Terrorism and Fear

| Sat Dec. 4, 2010 12:12 PM PST

Apparently the National Park Service is trying to think of ways to bring a higher level of security to the Washington Monument in order to protect it against terrorist attacks. But Bruce Schneier has a different idea. He thinks we should just shut it down:

Let it stand, empty and inaccessible, as a monument to our fears.

An empty Washington Monument would serve as a constant reminder to those on Capitol Hill that they are afraid of the terrorists and what they could do. They're afraid that by speaking honestly about the impossibility of attaining absolute security or the inevitability of terrorism — or that some American ideals are worth maintaining even in the face of adversity — they will be branded as "soft on terror."

....Terrorism isn't a crime against people or property. It's a crime against our minds, using the death of innocents and destruction of property to make us fearful. Terrorists use the media to magnify their actions and further spread fear. And when we react out of fear, when we change our policy to make our country less open, the terrorists succeed — even if their attacks fail. But when we refuse to be terrorized, when we're indomitable in the face of terror, the terrorists fail — even if their attacks succeed.

I don't have any special opinion about the Washington Monument. Maybe we should just shut it down. But that particular issue aside, I think Bruce's attitude needs some major pushback.

There's a certain class of people to whom his prescription sounds great. Refuse to be terrorized! Stop being such babies! I'm a member of that class. I would happily accept a slightly increased risk of terrorist attack in return for a less intrusive security regime. I think we're way too willing to let fear rule our culture. On a purely personal level, this stuff infuriates me.

But those of us who feel that way really have an obligation to understand just how out of the mainstream we are. I'm willing to bet that most of us are a bit nerdy, sort of hyperanalytical, maybe even slightly Aspergers-ish. We're comfortable — too comfortable, probably — viewing the ebb and flow of human lives as an accounting exercise. We're also very sure of ourselves, generally pretty verbal, and we have soapboxes to shout from.

And, at a guess, we represent maybe 10% of the population. At most.

Fear of violence is not a problem unique to America. It's not a problem with the modern era. It's not a problem of a political class grown suddenly cowardly. Human beings simply value physical security very, very highly. All human beings. They will do almost anything to feel secure from physical threats. Look at Israel. In order to protect themselves from attacks that caused a bit over 200 deaths in the peak year of 2002, they have embarked on a campaign of regular military offensives, a massive wall construction project, the steady takeover of Arab sections of Jerusalem, and a campaign of relentless oppression against Palestinians in occupied territories. Like it or not, that's how people eventually react to campaigns of terror. It's worth a lot not to get to that point.

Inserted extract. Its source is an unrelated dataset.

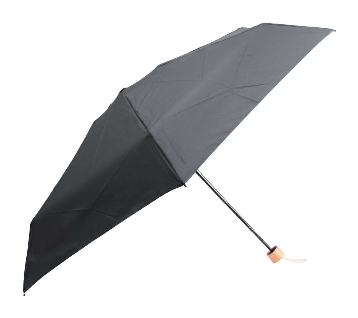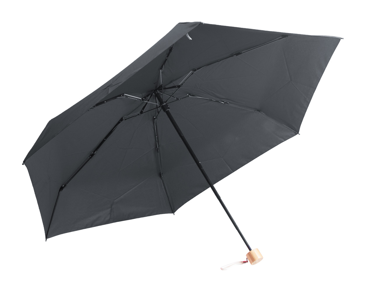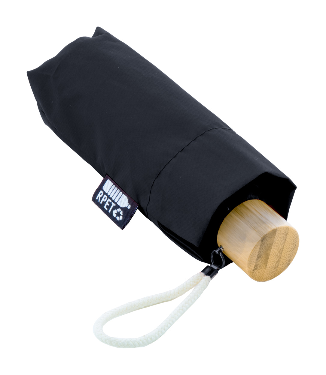 Manueller, 3-fach faltbarer Windproof-Mini-Taschenschirm mit 6 Segmenten in farblich abgestimmtem Etui. Mit Metallrahmen, Fiberglasspeichen, Bambusgriff und Handschlaufe aus Baumwolle. Material: 190T RPET-Pongee. Mit RPET-Label.

I need to be clear here. I'm not pretending that our reaction to potential acts of terror has been correct or proportional or anything else. It hasn't been, and our overreaction has been damaging on a number of levels. I'm only saying that we hypereducated types need to at least try to understand how most people react to the prospect of directed violence. If, for example, I hear one more person compare the number of deaths from terrorism to the number of deaths from car accidents, I think I'm going to scream. Human beings react differently to accidental death than they do to deliberate attacks from other human beings. This is human nature 101. If you honestly think that the car-terrorism comparison is persuasive to anyone, you are so wildly out of touch with your fellow humans that there's probably no hope for you.

Liberals lost massive amounts of trust among ordinary voters in the 60s and 70s by not taking crime seriously. The result was catastrophic: a massive overreaction led by conservatives that was made possible because liberals didn't have the credibility to offer any pushback at all. In fact, it was worse than that: for a good many years, liberal opposition to crime measures probably made them more popular. That's what happens when you fall too far out of touch with the lived experiences of everyday people.

So: is airport style security at the Washington Monument an overreaction? Maybe. Constructive alternatives would be welcome. But just telling the little people to suck it up and accept that sometimes people are going to die at the hands of terrorists? That's about the worst, most condescending argument you could possibly invent. It ignores human nature; it ignores the fact that terrorism does, in fact, terrorize; and it ignores the historical reality of what happens when societies are attacked. It's an argument that needs to go away.

POSTSCRIPT: On the other hand, I agree almost entirely with this. Go figure.